MTV Unplugged producer Alex Coletti recalls telling his bosses what Nirvana had in mind. “I said to MTV, ‘They’re going to bring some guests on,'” he told Guitar World. “At first everybody’s eyes lit up, like, ‘Who’s it gonna be?’. They wanted to hear ‘right’ names like Eddie Vedder or Tori Amos. When I said, ‘the Meat Puppets’, it was like, ‘Oh great. They’re not doing any hits and they’re inviting guests who don’t have any hits to come play. Perfect.’”
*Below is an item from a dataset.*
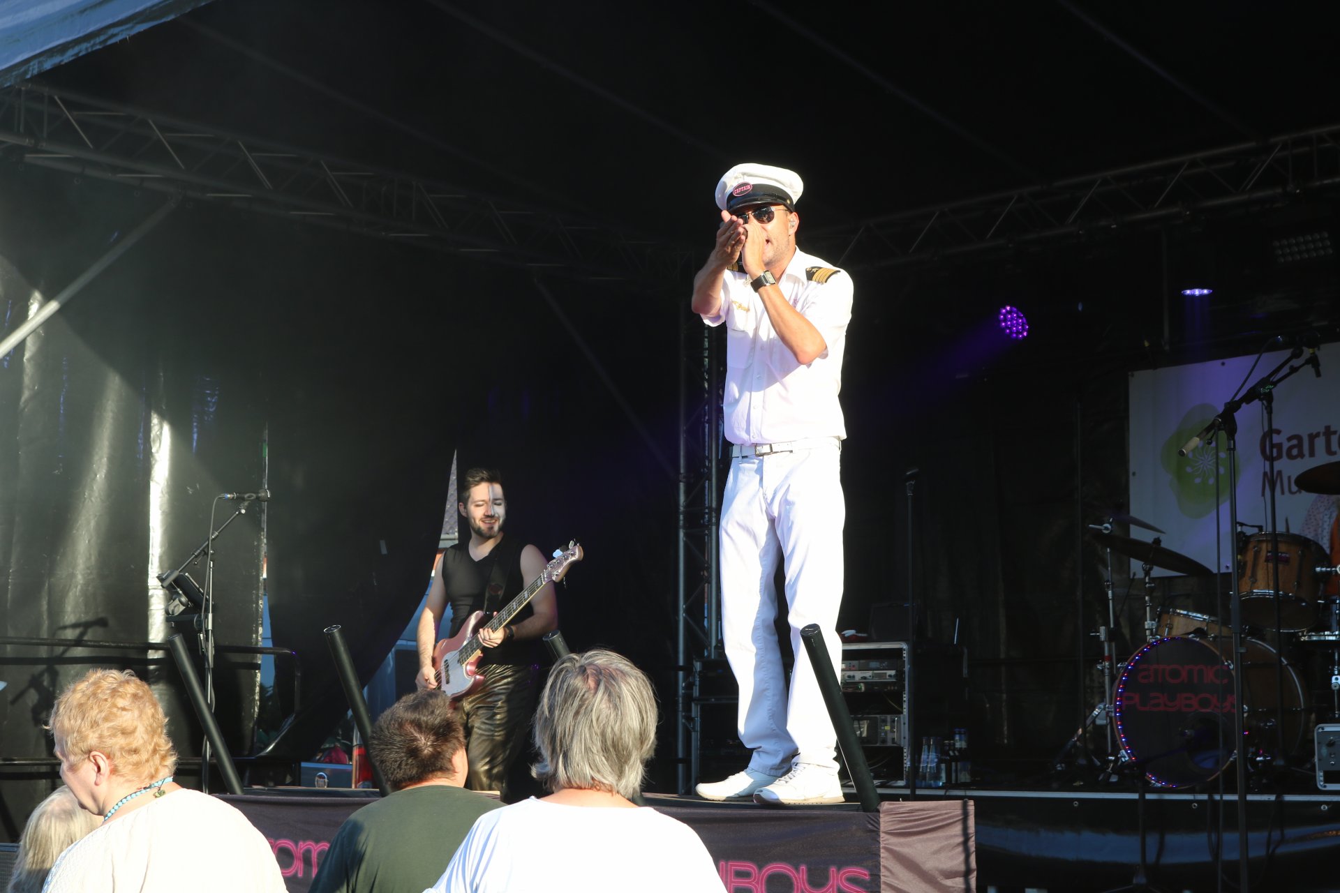 Die Atomic Playboys hielten, was sie versprachen. "Rockiges Fundament trifft Lebensfreude", so ihr Motto. Eine fröhlich-freche schrill-schräge Performance, mit allem, was dazu gehörte, traf auf ein begeistertes Publikum. Lieder zum Mitsingen, für jeden etwas dabei.

But Nirvana’s outside-the-box approach proved to be a masterstroke, dramatically expanding the perception of the band that people considered Nirvana to be, a band who still sounded exactly like themselves not playing any of their anthems, not using any distortion pedals, not relying on the sonic violence. Instead, Nirvana’s MTV Unplugged set pulled on the more emotional characteristics of their music, on the vulnerability and more fragile and unsettling side of their sound. Nowhere was that more deftly illustrated than on poignant closer Where Did You Sleep Last Night. Kurt had already been involved in a version of the Lead Belly song committed to tape, playing guitar on a take by Mark Lanegan for the Screaming Trees singer’s 1990 solo debut. But this one was all his own, a version full of menace and fear and dread that works precisely because it never breaks out into a full rock wig-out, his cavernous vocal screech at the end almost shocking in the acoustic setting.
Coletti remembered asking the band if there was anything else they wanted to play just after that song. “I said, “Now’s the time. You’re not gonna get to do this again,” he told The Ringer. “And they listened and they weren’t just dismissing it. And I threw out Verse Chorus Verse, and there was one song that was a B-side that Dave sang, Marigold. So honestly, I wasn’t doing what MTV wanted, which was getting hits. I was throwing out obscure stuff. Just stuff I thought would work acoustic and be cool. But I wasn’t gonna come out and say, “Try Teen Spirit.” But Kurt thought about it and he said, “I don’t think we can top the last song.” And the minute he said that, I pressed the button on my headset and said, “We’re wrapped.”
A classic MTV Unplugged set was complete. It aired on MTV a few weeks later but by the time the record was released in November, 1994, Kurt Cobain had already taken his own life. With Nirvana’s MTV Unplugged set, he’d left us another astounding thing to remember him by.